## [Recorded data]
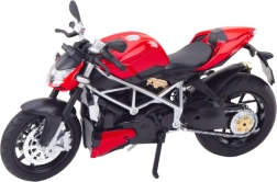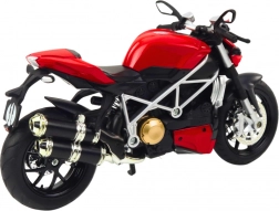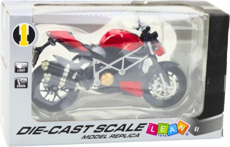 Ten czerwony sportowy motocykl w skali 1:12 zachwyca precyzyjnymi detalami i solidnym wykonaniem. Dzięki metalowemu korpusowi i plastikowym dodatkom wygląda realistycznie i świetnie prezentuje się na półce, biurku czy w gablocie. Zintegrowane światła i dźwięki zasilane bateriami AG13 potęgują wrażenie prawdziwej jazdy.
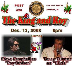 Nationally acclaimed Elvis and Roy Orbison tribute artists, Terry Turner and Steve Campbell bring their talents to the American Legion Post #26 in Anniston.
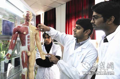 湖北中醫(yī)學(xué)院是教育部首批批準(zhǔn)的接受留學(xué)生的院校之一。目前,在該院海外教育學(xué)院,已有來(lái)自20多個(gè)國(guó)家和地區(qū)的“洋學(xué)生”,他們用不同的語(yǔ)言,解讀著對(duì)他們來(lái)說(shuō)極其神秘的中華文明。
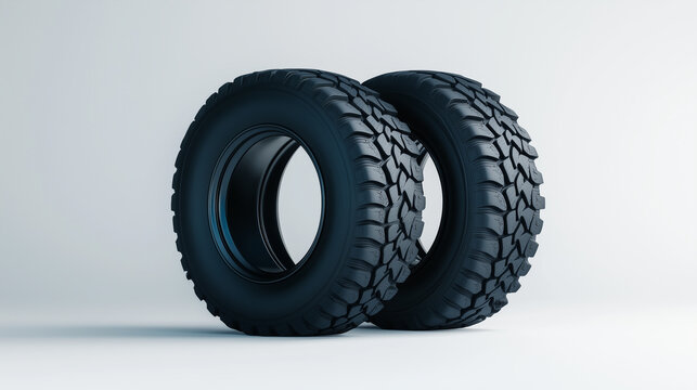 High quality black tires with deep treads, ideal for off road vehicles, showcasing durability and strength. Perfect for automotive enthusiasts and professionals.
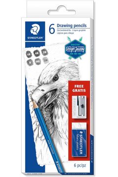 Zestaw zawiera 6 ołówków Lumograph: 2H, HB, B, 2B, 4B, 6B + gumkę i temperówkę
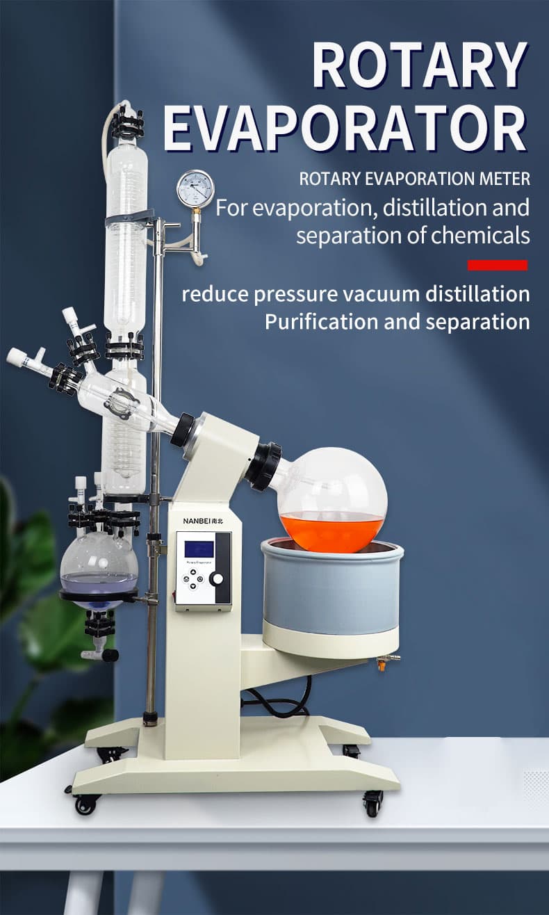The main capacity of the rotary evaporator (device) produced by NANBEI Company is 1-2L, 3L, 5L, 10L, 20L, 30L, 50L, 100L. Each capacity has different grade models for customers to choose. This product can be used with a vacuum pump to improve the evaporation efficiency (required); it can be used with a low-temperature coolant circulation pump to improve the recovery efficiency. Customers should purchase matching equipment as appropriate.
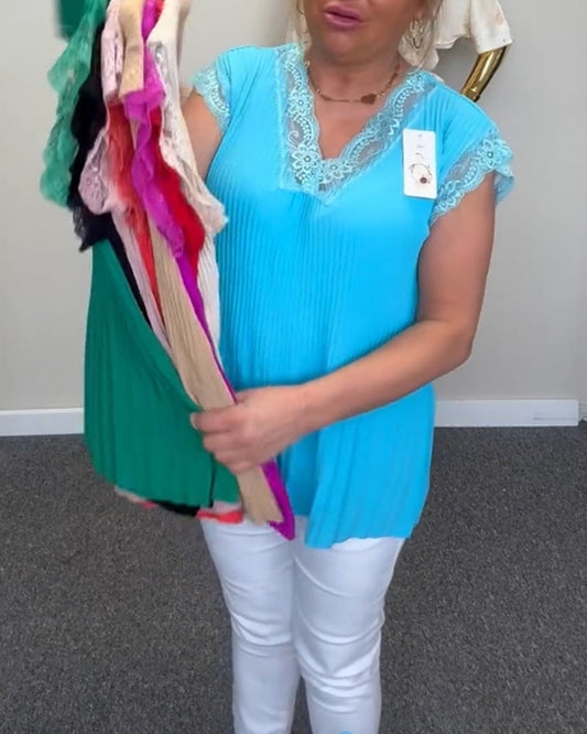 Elegante blusa de encaje con cuello en V, sin mangas, de color liso

## [Problem description]
Leave the pictures behind and repeat each entry exactly.

## [Response to this exercise]
 Ten czerwony sportowy motocykl w skali 1:12 zachwyca precyzyjnymi detalami i solidnym wykonaniem. Dzięki metalowemu korpusowi i plastikowym dodatkom wygląda realistycznie i świetnie prezentuje się na półce, biurku czy w gablocie. Zintegrowane światła i dźwięki zasilane bateriami AG13 potęgują wrażenie prawdziwej jazdy.
 Nationally acclaimed Elvis and Roy Orbison tribute artists, Terry Turner and Steve Campbell bring their talents to the American Legion Post #26 in Anniston.
 湖北中醫(yī)學(xué)院是教育部首批批準(zhǔn)的接受留學(xué)生的院校之一。目前,在該院海外教育學(xué)院,已有來(lái)自20多個(gè)國(guó)家和地區(qū)的“洋學(xué)生”,他們用不同的語(yǔ)言,解讀著對(duì)他們來(lái)說(shuō)極其神秘的中華文明。
 High quality black tires with deep treads, ideal for off road vehicles, showcasing durability and strength. Perfect for automotive enthusiasts and professionals.
 Zestaw zawiera 6 ołówków Lumograph: 2H, HB, B, 2B, 4B, 6B + gumkę i temperówkę
The main capacity of the rotary evaporator (device) produced by NANBEI Company is 1-2L, 3L, 5L, 10L, 20L, 30L, 50L, 100L. Each capacity has different grade models for customers to choose. This product can be used with a vacuum pump to improve the evaporation efficiency (required); it can be used with a low-temperature coolant circulation pump to improve the recovery efficiency. Customers should purchase matching equipment as appropriate.
 Elegante blusa de encaje con cuello en V, sin mangas, de color liso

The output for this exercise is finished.